8. Opportunistic Peering

An explicit design goal of 6bed4 is to exploit Direct UDP/IPv4 Streams between 6bed4 Peers. This is achieved by simply trying an exchange over UDP/IPv4 and relying on the uninterpreted transport of UDP payloads to infer that the entire UDP/IPv4 stream must be possible if a single exchange works bidirectionally.

It is vitally important that UDP/IPv4 Streams follow the same path in both directions. This is because it is only safe to assume that outgoing traffic in a UDP/IPv4 Stream keeps NAT router and firewalls open for return traffic. Specifically, these network components need to see the same UDP ports and IPv4 addresses for the traffic in both directions, albeit with their source and destination roles exchanged. To ensure this, a 6bed4 Peer that receives direct traffic from a remote peer that it would address through a 6bed4 Server MUST start one of the following methods to setup direct peering. In such cases, it may not give up before it has tried the Neighbor Discovery method, which is the only obliged method.
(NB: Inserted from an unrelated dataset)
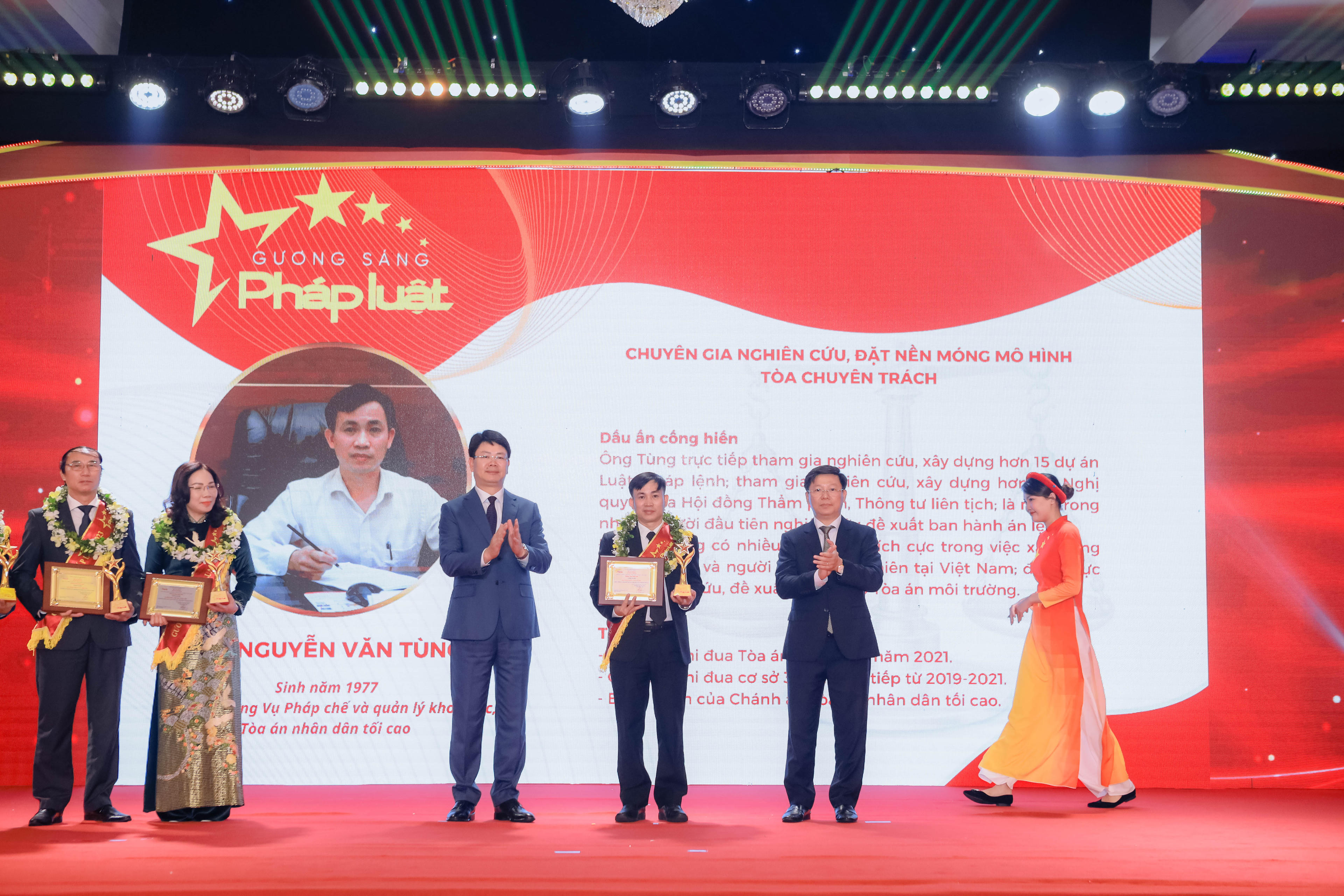 Ông Nguyễn Văn Tùng (sinh năm 1977, Phó Vụ trưởng Vụ Pháp chế và Quản lý khoa học, Tòa án Nhân dân tối cao): Ông Tùng trực tiếp tham gia nghiên cứu, xây dựng hơn 15 dự án Luật, Pháp lệnh; Tham gia nghiên cứu, xây dựng hơn 20 Nghị quyết của Hội đồng Thẩm phán, Thông tư liên tịch; Là một trong những người đầu tiên nghiên cứu đề xuất ban hành án lệ. Đặc biệt, ông có nhiều đóng góp tích cực trong việc xây dựng Tòa gia đình và người chưa thành niên tại Việt Nam; Đang trực tiếp nghiên cứu, đề xuất thành lập Tòa án môi trường. Về thành tích: Ông đạt danh hiệu Chiến sỹ thi đua Tòa án nhân dân năm 2021; Chiến sỹ thi đua cơ sở 3 năm liên tiếp từ 2019-2021; Bằng khen của Chánh án Tòa án Nhân dân tối cao…

The one thing left to specify is how peering is initiated. This is done by one of the following methods to setup direct peering, applied opportunistically. This can basically be done at any time deemed fitting, but it is suggested to employ some form of rate limiting for opportunistic peering attempts. A few useful places to do this would be to send a Router Advertisement to a direct 6bed4 Address before sending it to its general 6bed4 Address; or to send Neighbor Discovery sometime during the normal exchange; or to do it during the setup of a TCP/IPv6 stream.

The following subsections introduce a general framework for setting up direct peering. It continues with a few concrete examples, some of which must be implemented with 6bed4. There are certainly opportunities for other specific implementations of the general opportunistic mechanism.

8.1. Abstract Framework for Direct Peering

The abstract concept of direct peering rests on sending a message directly to a Direct 6bed4 Peer, in an attempt to establish bidirectional contact. The "official" version is to create a dedicated message exchange for this purpose, but many protocols could support the "trick" of trying a first message towards the Direct 6bed4 Address and, if this fails and higher-layer protocols decide to resend, to continue the exchange through the General 6bed4 Address. The latter approach is a slight abuse of the known-lossy nature of networks.

The abstract framework must be able to relate an incoming direct reply to an outgoing direct request, and only a direct outgoing request. This can be established with a nonce if a frame is generated specifically for the purposes of 6bed4 Peer detection; or if a higher protocol layer generates the message, then the time between the first send and a later re-send is the window during which the direct response is considered a reliable sign of bidirectional traffic.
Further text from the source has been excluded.